В Нижнекамчатске Беринг мог убедиться в существовании вблизи Камчатки населенной земли. В Камчатку попадали оттуда деревья, приносимые морем и неведомые на месте; несомненно, существовали сношения чукчей с американскими туземцами, и эти последние бывали на азиатском берегу. Берингу это стало известно из рассказов туземцев. Я уже упоминал, что он знал и о поездках русских из Колымска на Анадырь.
Таким образом, Беринг отправлялся на восток не наугад. Плавание его было исключительно счастливое.
В своем донесении императрице Анне Беринг пишет: «А 15 того же августа пришли в ширины северной 67 градусов 18 минут, рассуждая, что по всему виданному и по данным инструкции блаженные и вечнодостойные памяти его императорского величества исполнено, понеже земля более к северу не простирается, а к Чукотскому или к восточному углу земли никакой не подошло, и возвратился, а ежели еще идти далее, а случились бы противные ветры, то не можно, паки того лета возвратиться до Камчатки, а на тамошней земле зимовать было бы не без причин, понеже лесу никакого не имеется, а тамошний народ не под державою Российского государства самовластен и союзства с нашими ясачными инородцами не имеет.
А от устья Камчатки и до сего места, откуда возвратились по берегу морскому, великие высокие каменные горы и в лете из-под снегов не открываются». В донесении Адмиралтейству он указывает, что на широте 64°30,7́ он встретил чукчей, которые сказывали, что «земля их делает две губы и обращается к устью реки Колымы, и всюду прилегло море и великие отмели».
Беринг счел задачу своей экспедиции законченной, вопреки мнению своего помощника, лейтенанта А. И. Чирикова, который, по-видимому, смотрел на дело глубже и правильнее Беринга. Ни Беринг, ни Шпанберг в своих донесениях не признавали близости к ним Америки, куда они могли уйти.
Другое видно из мнения Чирикова. [После] совещания, [на котором] он остался [в меньшинстве], Чириков писал: «Понеже известия не имеются, до которого градуса ширины из Северного моря, подле восточного берега Азии, от знаемых народов европейским жителям походы бывали; и по оному не можем достоверно знать о разделении Азии с Америкой, ежели не дойдем до устья реки Колымы или до льдов, понеже известно, что в Северном море всегда ходят льды».
Далее Чириков указывает, что, если не дойдут до Колымы, надо зимовать «наипаче против Чукотского Носу, на земле, на которой, по полученной сказке от чукчей, чрез Петра Татаринова, имеется лес».
Чириков остался в меньшинстве.
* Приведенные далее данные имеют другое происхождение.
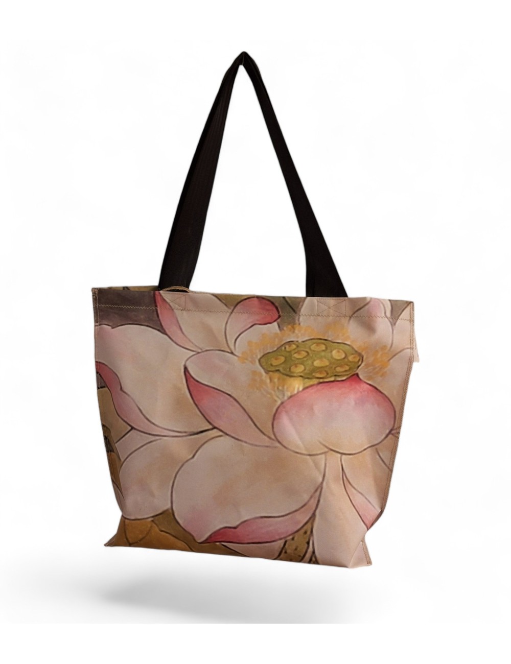 Χειροποίητες τσάντες από μουσαμά. Δημιουργίες προσφύγων που διαβιούν στην Ελλάδα σε συνεργασία με τη μη κερδοσκοπική εταιρεία ΙΝΣΤΙΤΟΥΤΟ ΟΜΑΔΑ ΓΙΑ ΤΟΝ ΚΟΣΜΟ.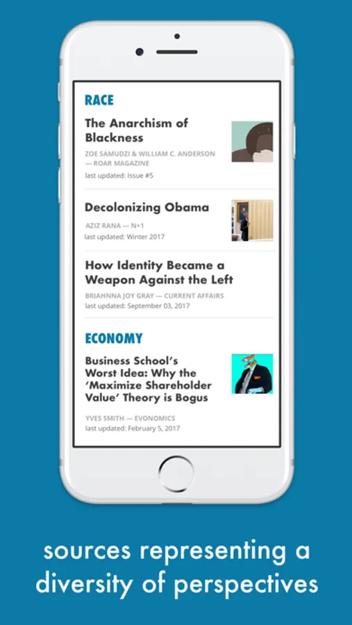 Contents spans from news, politics and policy to culture, art and identity - balanced across the US and global perspectives - and covering everything the economy, international relations, the environment, and social justice. All content is curated from a select set of progressive publications including magazines, think tanks, investigative journalists, blogs, research institutes and more.

Беринг счел свою задачу в общих чертах законченной, принимая во внимание показания местных жителей. Он встретился здесь, на море, с людьми — чукчами, к которым русские подходили с суши, приплывали с Колымы. Ясно видно это из записей младших офицеров. Так, в кратком дневнике мичмана Петра Чаплина, изданном уже в XIX в., ярко отразились эти впечатления.